Hazreti İbrahim’in makamının bulunduğu bu kutsal mekan 6 ay sonra yeniden açıldığında Filistinliler şoktaydı.
Çünkü caminin yarısı sinagoga çevrilmişti.
Ve hep öyle kaldı.
Filistinliler bu nedenle tedirgin.
Son Cuma namazını 500 kişilik bir grupla, Mescid-i Aksa’nın avlusunda, aralarına mesafe koymak suretiyle kıldılar.
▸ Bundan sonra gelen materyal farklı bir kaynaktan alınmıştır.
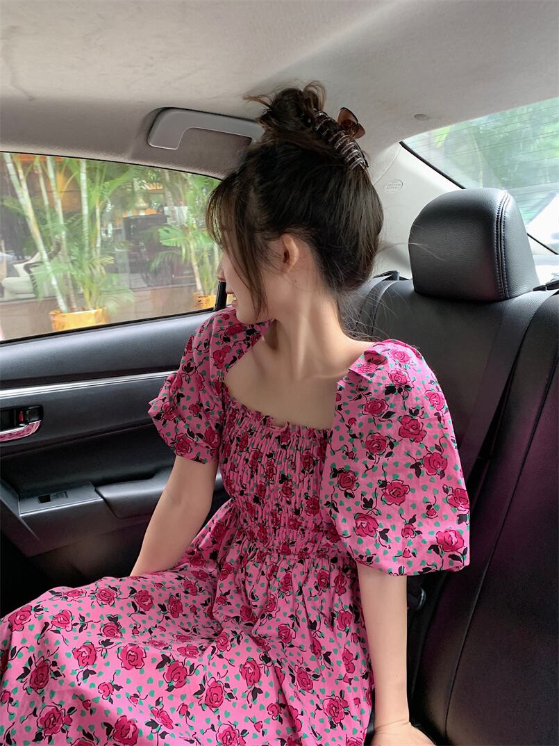 Floral dress women's design sense niche summer French retro gentle first love romantic puff sleeve long skirt ロング レトロ サマー 夏物 花柄 スカート s576168289596222
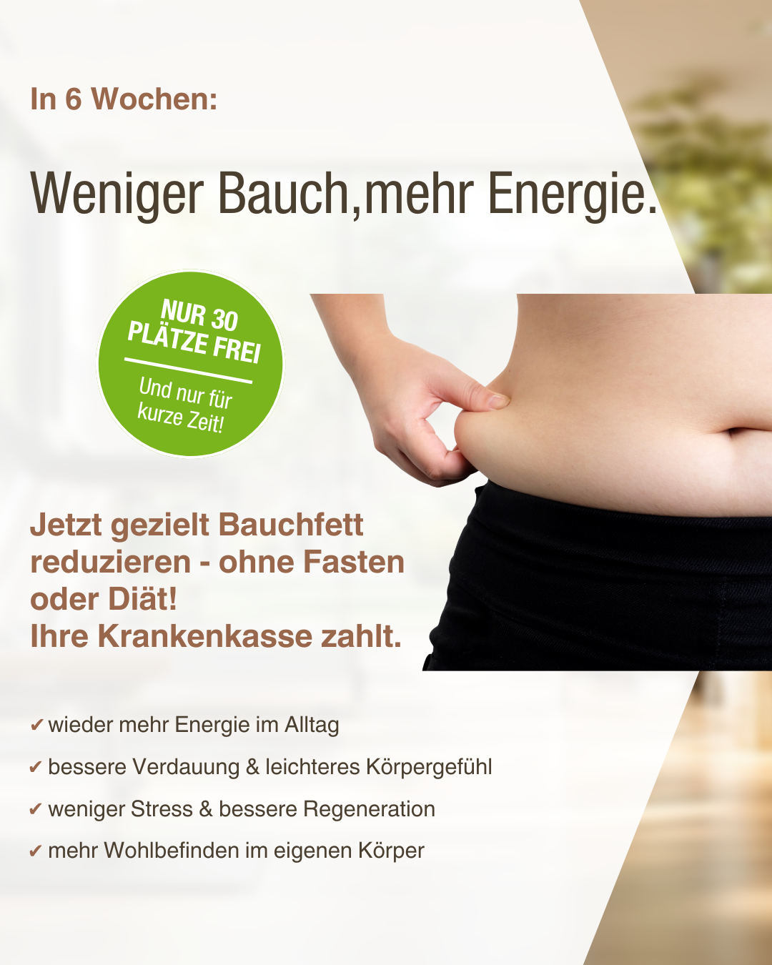 weitere InfosDiäten gibt es wie Sand am Meer und sicher haben Sie schon genügend ausprobiert. Hungergefühle, Stress und am Ende war das Ergebnis nicht so, wie Sie es sich vorgestellt haben? Wir zeigen Ihnen, wie Sie ohne zu hungern und leicht in den Alltag integrierbar, Kilos verlieren und Ihr Gewicht auch halten. Ihr auf Sie angepasster Ernährungsplan (ein Unikatbuch) versorgt Ihren Körper optimal mit Allem, was er braucht – ohne Verbote und Verzicht. Dabei berücksichtigen wir Ihre Vorlieben, Abneigungen, Allergien, Tagesabläufe und Kochzeiten. Damit Sie wieder fitter und leistungsfähiger werden, besser schlafen und sich einfach wieder in Ihrem Körper wohl und attraktiv fühlen. Und das Beste daran – die gesetzlichen Krankenkassen bezuschussen Sie dabei!
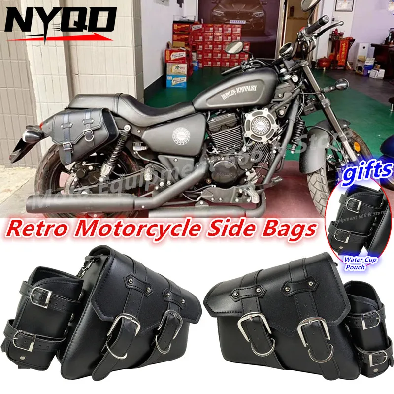 Универсальные мотоциклетные боковые сумки в стиле ретро с карманом для чашки для воды, кожаные прочные треугольные подвесные сумки для мотоциклов

Orayı tamamen boş bırakamazlar, eğer bırakırlarsa yıllardır tehdit altında olan Mescid-i Aksa salgın bahanesiyle komple elden gidebilir.
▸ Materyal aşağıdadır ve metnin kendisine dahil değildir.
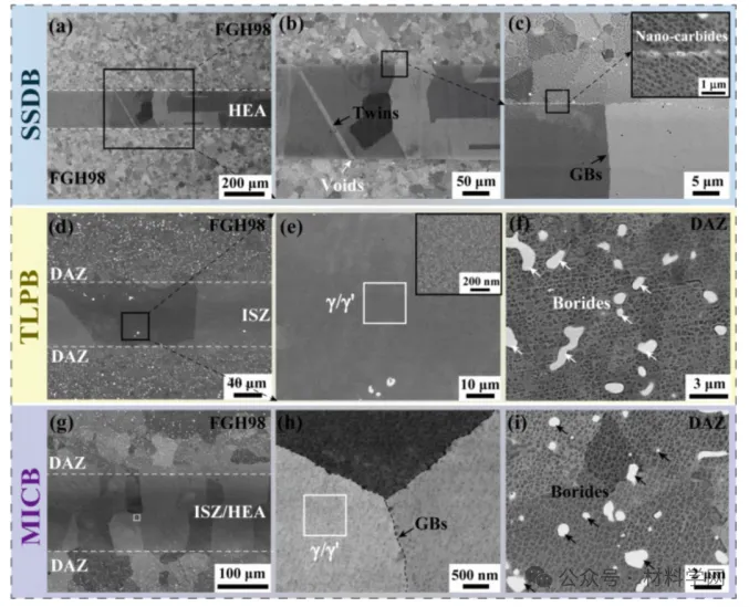 FGH98合金在相同的连接条件下,采用三种不同的连接方式进行扩散连接:(1)HEA箔的固态扩散连接(SSDB), (2) BNi2中间层的瞬态液相连接(TLPB),以及(3)“BNi2/HEA/BNi2”中间层的夹层结构(在MICB过程中BNi2熔化,HEA保持固态)。这些DB方法产生了三种独特的关节形态,如图2所示。在SSDB接头中(图2 (a)),初始键合界面仍然可见。由于FGH98合金的高热相稳定性和HEA导致的状态扩散,缓慢的原子扩散导致结合质量有限,显示出残留的界面缺陷,如空洞和纳米碳化物(图2 (b, c))。然而,在TLPB和MICB过程中,熔点抑制剂(MPD,即Si/B)在BNi2中间层中的扩散促进了近界面区域的重熔和凝固,用新生的gb取代了初始界面(BNi2/FGH98或BNi2/HEA之间)(图2 (d, g))。在MICB接头中,尽管添加了3个夹层(引入4个初始界面),但未观察到键合界面。
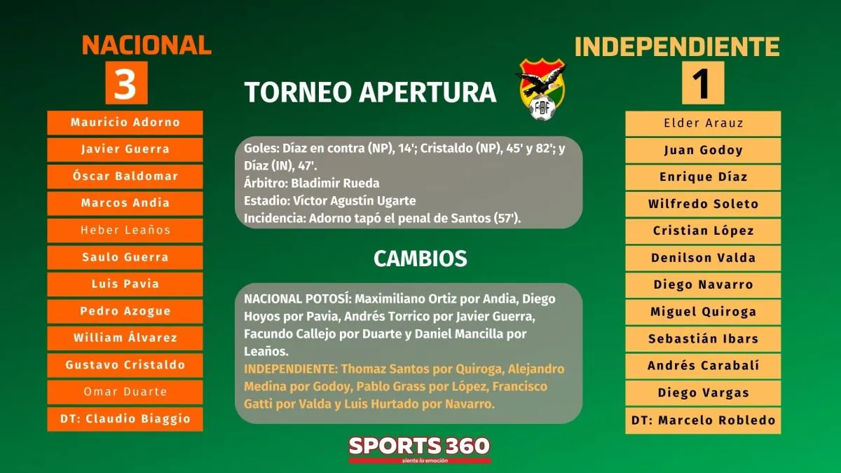 Nacional Potosí sigue con su invicto en el torneo Apertura y es líder indiscutible del Grupo B tras derrotar a Independiente (3-1), que no logra levantar cabeza en el campeonato, este sábado en el estadio Víctor Agustín Ugarte por la quinta jornada.
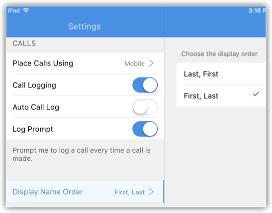 - În ecranul Settings, apasă pe DisplayNameOrder pentru a selecta formatul numelui.
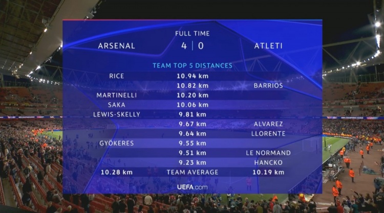 赛后两队跑动数据知道,阿森纳全队平均跑动距离为10.28KM略高于马竞的10.19KM。然而,在跑动距离最初10KM的球员中,阿森纳有3东说念主,区分为赖斯(全场最高10.94KM)、马丁内利和萨卡,而马竞仅有1东说念主为巴里奥斯。
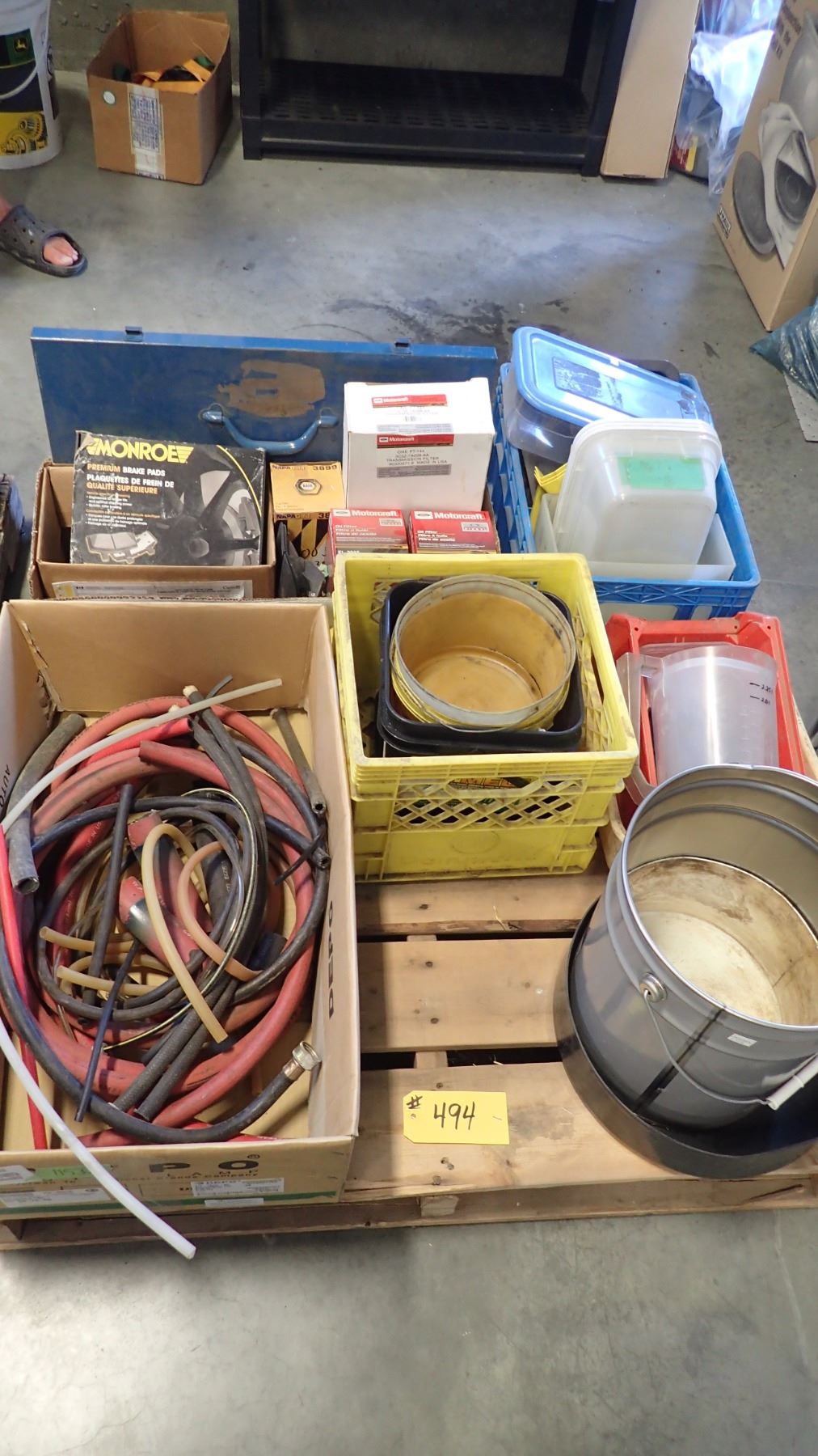 2005 F350 PARTS (FILTERS, BRAKE PADS), HEATER HOSES, PLASTIC CONTAINERS & METAL BOX
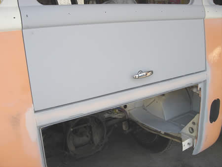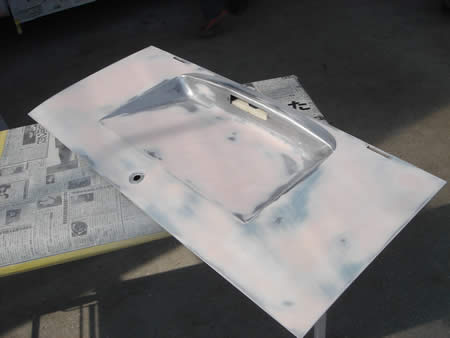 サフェーサーが入ったリアエプロン&エンジンハッチの裏側です。

Çünkü ilk etapta İsrail salgın falan dinlemedi.
Filistinliler tedbir amaçlı Mescid-i Aksa’ya girmezken, en az 10 gün boyunca Yahudi işgalcilerin Mescid-i Aksa’daki günlük ziyaretleri devam etti.
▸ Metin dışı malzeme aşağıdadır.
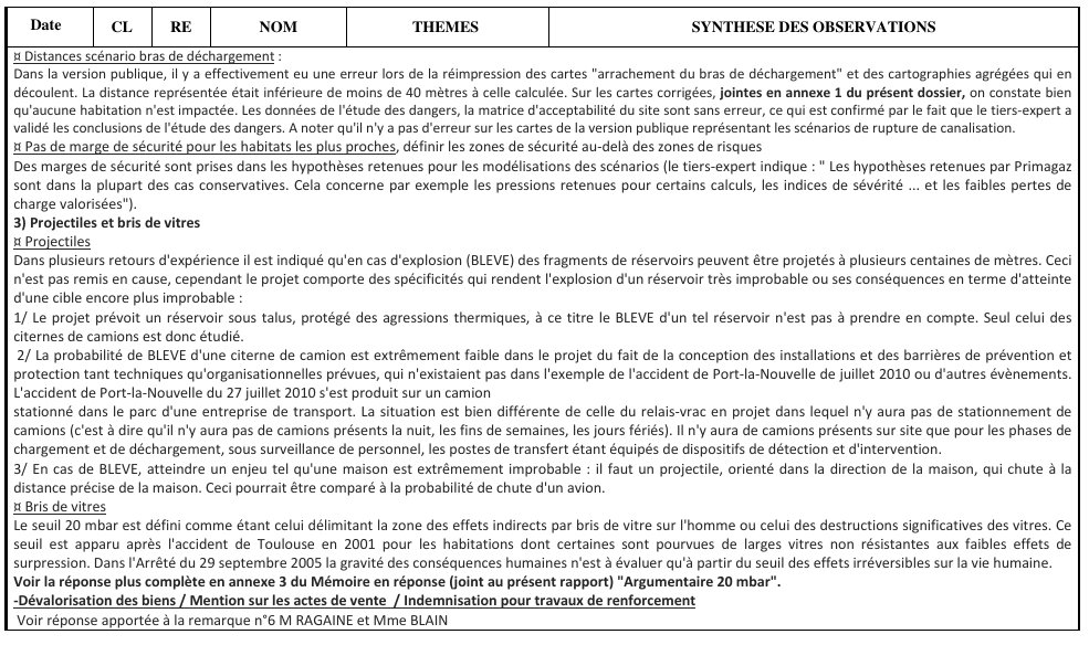 Les périmètres de forme triangulaire (300 m, 500 m, ...) évoqués n'ont pas été tracés ni présentés par Primagaz. Ils ne représentent pas des zones de dangers (une zone de danger n'épouse pas la forme des limites d'un site). Ils permettent de visualiser l'environnement du site. Les distances des dangers potentiels liés au relais-vrac sont bien celles indiquées dans le dossier de demande d'autorisation, reportées sur les cartographies.
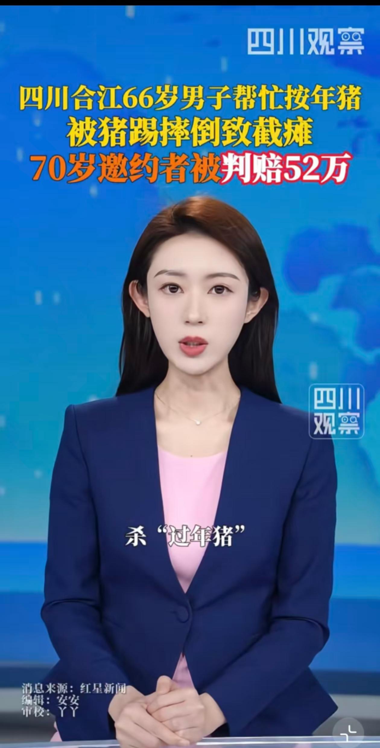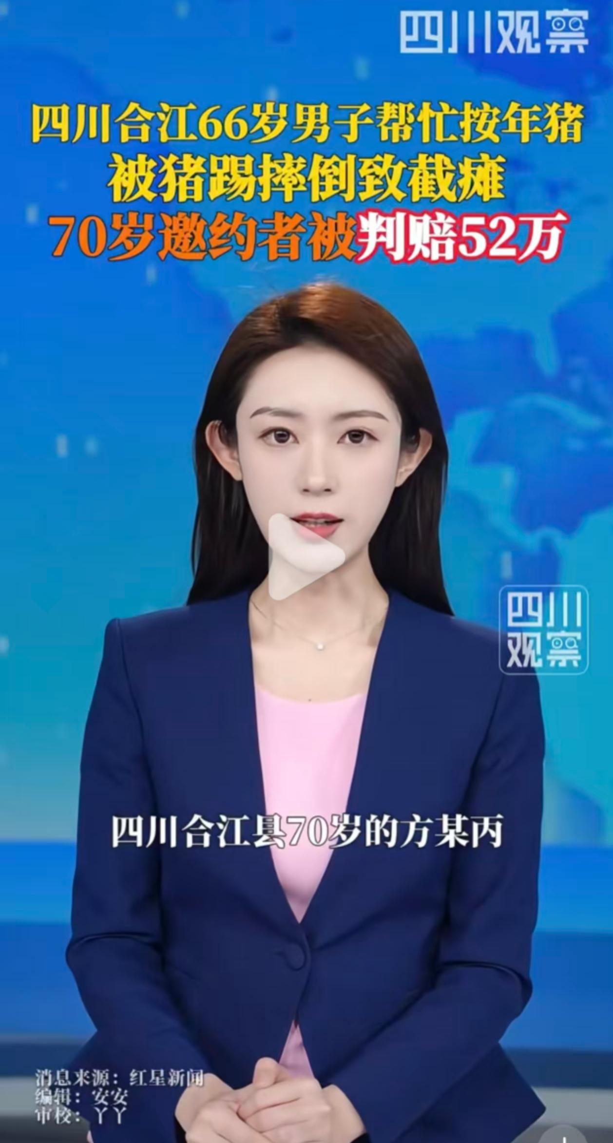 呆呆如果事先看到这个新闻,应该会被吓得冷汗直流! 66岁的方某甲,帮同村70岁的方某丙杀年猪,看名字两人应该是同宗兄弟,年猪挣扎期间把方某甲踢瘫痪。 法院判主家赔伤者52w,由于之前主家在医院给伤者垫付了八万的医疗费,算下来得赔44w。 网友说有判决书也没用,在农村70岁的老人怎么有那么多钱来赔,只能说双方都倒霉。 不过从这个案子上来看,按猪确实危险,特别是老年人骨头脆,一不小心就会受伤,不过现在农村里杀年猪的主力还是老年人。 所以呆呆让网友帮她按年猪,看看去她家帮忙的那几个小伙子,各个身强力壮,特别是保时捷大哥,眼里只剩下对二师兄的热情,二师兄在几个年轻人手下毫无动弹的机会!

Kaldı ki Mescidi Aksa’nın hemen batı duvarında bulunan Yahudilerin ağlama duvarı adını verdikleri bölüm de uzun süre ibadete açık kaldı.
İsrail Başbakanı seçim sonrası koalisyonu da kurmak iyice zorlaşmışken, ağlama duvarını kapatıp, muhtemel ortaklarından olan ultra Ortodoksları öfkelendirmek istemedi.
Netanyahu’nun ilk etaptaki planı böyleydi.
Sonra ikinci aşamaya geçti.
Adı konmamış bir sokağa çıkma yasağı koydu.
Bu sayede koalisyon pazarlığı yaptığı/yapacağı ortaklarını kırma ihtimalini de devre dışı bıraktı.
Çünkü aldığı kararla, meclis başkanlığı seçimi de dahil olmak üzere tüm koalisyon görüşmeleri askıya alınmış oldu.
İsrail Başbakanı bir şey daha yaptı.
O da şu, tam da bu süreçte herkes can derdine düşmüşken, Batı Şeria’yı komple İsrail haritasına katmayı ve Filistinlilere idamı öngören iki tasarıyı Knesset’e getirdi.
Korona tedbirleri demişken, aslında İsrail’de bu anlamda en korunaklı yer cezaevleri.
Çünkü içerde 6 bin Filistinli esir var.
Ve bu esirler yıllarca aileleri dahil avukatları dahil hiç ama hiçbir kimseyle görüştürülmüyorlar.
Misal, Filistinli biri İsrail cezaevine atılsa, 20 yıl içerde kalsa, ailesi onun yüzünü görmeyi bırakın hangi şehirdeki hangi cezaevinde olduğunu bile bilemez.
Açık ya da kapılı görüş diye bir durum kesinlikle söz konusu olmadığı cezaevi ortamında tutulan 6 bin Filistinli esirden 5’ine koronovirüs bulaştı veya bulaştırıldı.
Dışarıyla hiçbir irtibatları, temasları söz konusu olmayan Filistinli esirlere, nasıl oldu da koronavirüs bulaştı, bu kesinlikle sorgulanmalı.
Aksi taktirde kendi topraklarında kurulan İsrail cezaevlerinde tutulan 6 bin Filistinli, can çekişerek, katledilmiş olacak.